Courtney's illness passes within three days, during all but one of which she goes to work, but her sickness stays with her. It always has. She has not talked to either Tabitha or Maxie outside of professional conversations for an entire business week since that dreadful day, and it is not for lack of trying on their part, to be sure. The advantage is hers because being misunderstood is not without its perks: namely, none can discern, with any sort of consistent accuracy, her thought processes. They know she is avoiding them, but they do not know why, or where she hides.

Over the past week she has developed something of a routine in her evasion, and the plan is so simple that it's complex, or, at the very least, easily overlooked. Avoiding them outside of work is très facile.
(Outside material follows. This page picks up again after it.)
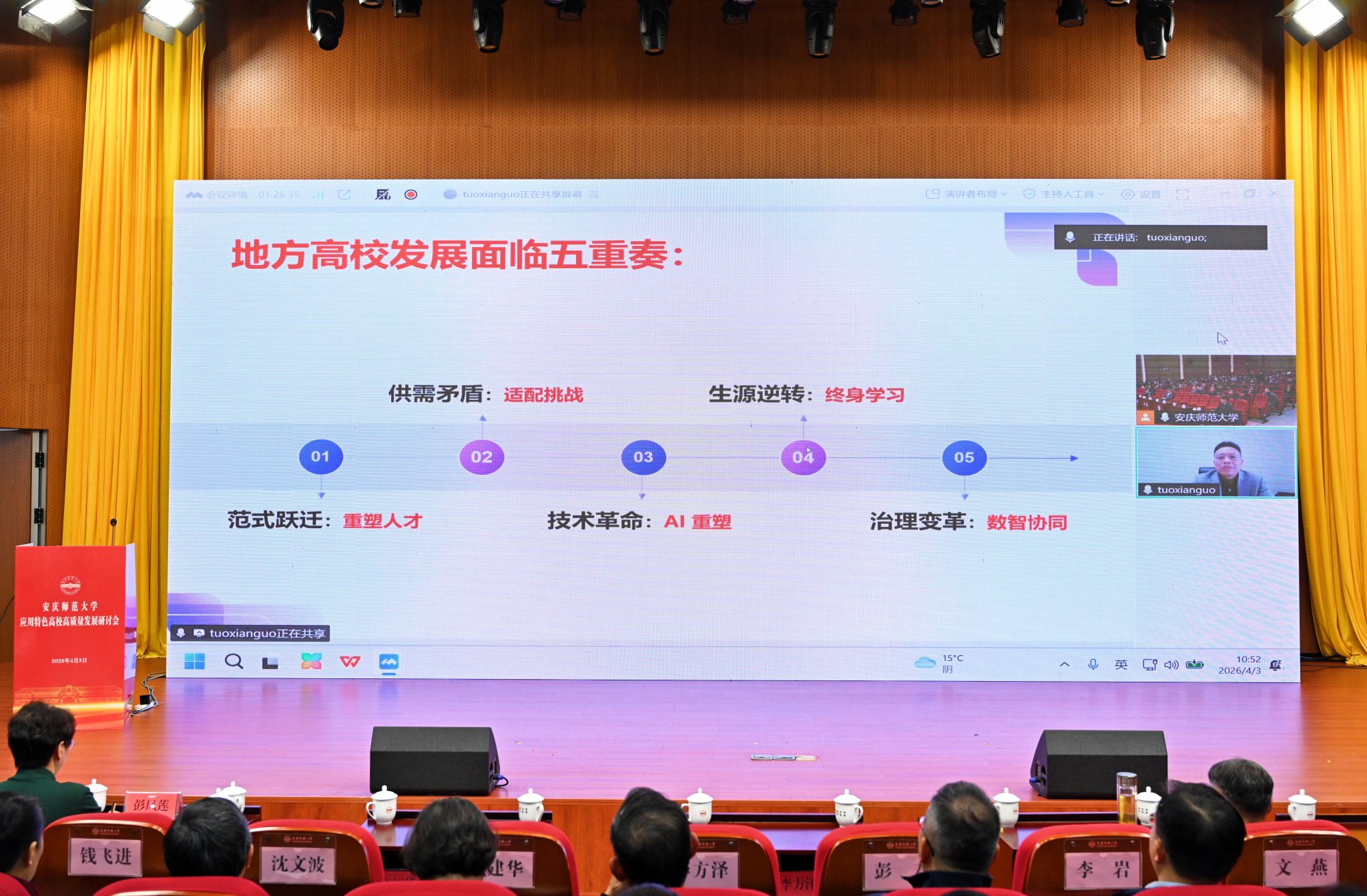 彭凤莲表示,报告言辞恳切、精彩纷呈、指导性强,为安庆师范大学破解发展瓶颈、深耕特色内涵、推动应用型深度转型提供了宝贵经验。她要求全体参会人员认真学习领会报告精神,提高政治站位,深刻领会应用特色高校高质量发展的根本要求;聚焦内涵建设,精准锚定应用特色高校高质量发展的核心路径;强化使命担当,主动扛起应用特色高校服务地方发展的时代责任,为加快建设教育强国和服务现代化美好安徽建设作出新的更大贡献。

She ignores their calls, texts, and voicemails; she lets them simply stand outside her house, banging on the door, until they frustrate themselves through their own impatience; she does not frequent any of her usual haunts (library, independent research lab, Lilycove University, Mt. Pyre, Lilycove Yoga Center) just in case they plan to ambush her there; she even goes so far as to attempt to disguise herself outside of work, wearing oversized hoodies and baggy pants and mussing her hair so that she looks like an adolescent boy and not a woman.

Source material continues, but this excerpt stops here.